氷室椿庭園 ~深き静寂の中で咲く椿たち~

氷室椿庭園――その静寂の奥には、三井不動産の元副社長であった氷室捷爾氏と花子夫人が長い年月をかけて育んだ「美の信念」が、今もなお脈打っています。


ご夫妻がこの地に邸宅を構えたのは昭和の盛り、昭和10年に建てられた主屋は、今では国登録有形文化財として往時の姿をとどめています。

エレガント・シャンペン

数寄屋

捷爾氏は数々の椿を愛好し、収集するだけでなく、自らも品種を作出した稀有な人物でした。
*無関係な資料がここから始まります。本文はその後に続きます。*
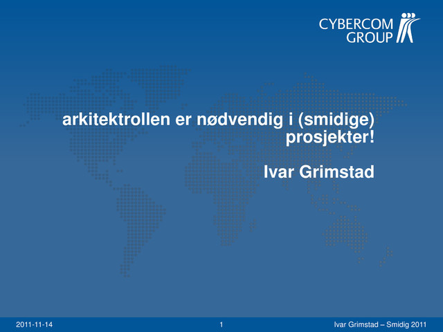 arkitektrollen er nødvendig i (smidige) prosjekter! Ivar Grimstad 2011-11-14 Ivar

庭を歩くと、丁寧に配置された通路、互いの花姿を引き立て合う木々の高さ、松がつくる柔らかな陰。
それらは、椿をより美しく見せるために積み重ねられた“細やかな工夫”であり、かつてこの庭を歩いた氷室氏が、一本一本の椿を「友のように」見つめ大切に育てていた痕跡でもあります。

白頭山

迦陵頻


この庭が茅ヶ崎市に寄贈され、1991年に開園したのちは、
ご夫妻が守り続けた美の精神を受け継ぐように、行政や市民ボランティアの手で大切に手入れが続けられてきました。
それはまるで、氷室家の想いが時代を越えて庭を見守り、訪れる人々へ静かな感動を授け続けているかのようです。 

太郎庵

そして今、椿の開花が進む季節を迎え、この庭は一層の荘厳さをまといます。
凛とした冬の気配の中、ひとつ、またひとつと花を開く椿は、
氷室家が残した美の遺産にひそやかに呼応するかのように、深い気配を漂わせます。

マソティアナ・ルブラ

京唐子

どうぞ、歴史と花が重奏するこの庭で、かつてこの地を愛した人々の息遣いと、椿が持つ気高い輝きをお感じください。